Recurrent disease is less common than previously thought. Traditionally, recurrence rates after an uncomplicated initial episode were variably reported as 30-50%. Newer data suggests that the recurrence rate is lower varying from 5-20% with recurrences tending to mimic the severity of the initial attack. In patients requiring urgent surgery it is the initial attack in over 80% of cases. With this in mind the argument in favor of surgical therapy in cases of recurrent disease, which is recurrence is inevitable and that subsequent attacks may be more complicated, seem less sure. The exact indications for surgery in recurrent diverticular disease remain under discussion but the trend seems to be more in favor of non-operative therapy and individualizing surgery for this particular indication. Recurrent disease does appear to be more prevalent in younger patients although the natural history of diverticulitis and recommendations for surgical therapy in this group remain controversial.
 
Acute diverticulitis complicating chronic immune suppressed states is becoming increasingly common. Patients suffering acute diverticulitis in the setting of chronic renal insufficiency, transplant immunosuppression or cancer chemotherapy tends to present with more advanced disease and be less able to be managed non-operatively in both the acute and chronic setting. 
 
Laparoscopic vs.

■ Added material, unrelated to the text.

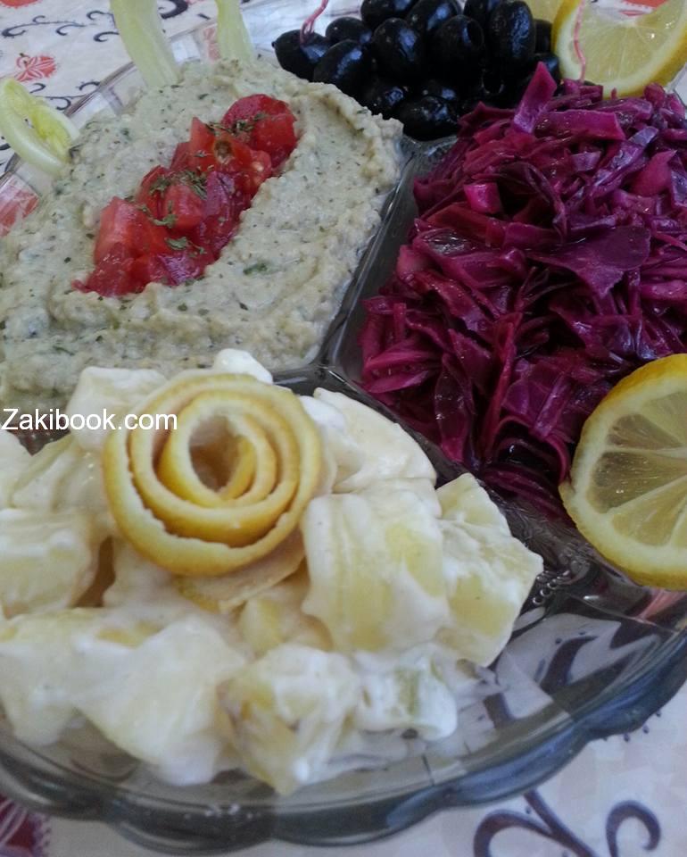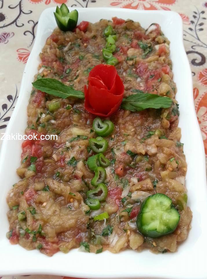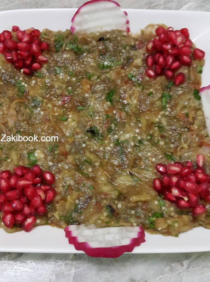 باذنجان مشوي ومهروس بصل وبندورة مشوية بنخلطو مع بعض وبنضيفلو فص توم مهروس وملح ودبس رمان وبقدونس مفروم

Open resection for sigmoid diverticulitis
 
The exact role and benefits of laparoscopy in elective resection for sigmoid diverticulitis is undetermined and associated with passionate debate. Clearly, laparoscopy can be performed safely and is associated with nominal benefits in terms of length of stay, less pain and quicker recovery. That being said it continues in most centers to be associated with longer operative times and more operative cost. Most would agree that for an experienced laparoscopic surgeon with an adequate case volume to maintain laparoscopic skills this is an acceptable alternative to open surgery. The benefits of laparoscopic colectomy however are not such that it should be used by lower volume surgeons or those not facile with advanced laparoscopic techniques.
 
Surgical specialization and outcomes in sigmoid diverticulitis
 
Surgical specialization and regionalization of complicated surgical procedures engenders heated debate. A clear benefit to colorectal sub-specialization in surgical outcomes of complicated diverticulitis has been shown. A number of articles have also demonstrated the difficulty of adopting advanced laparoscopy for lower volume surgeons. As the surgical quality debate moves forward these types of outcome studies and the difficult realization that surgical sub-specialization is required for certain procedures will likely become more prominent.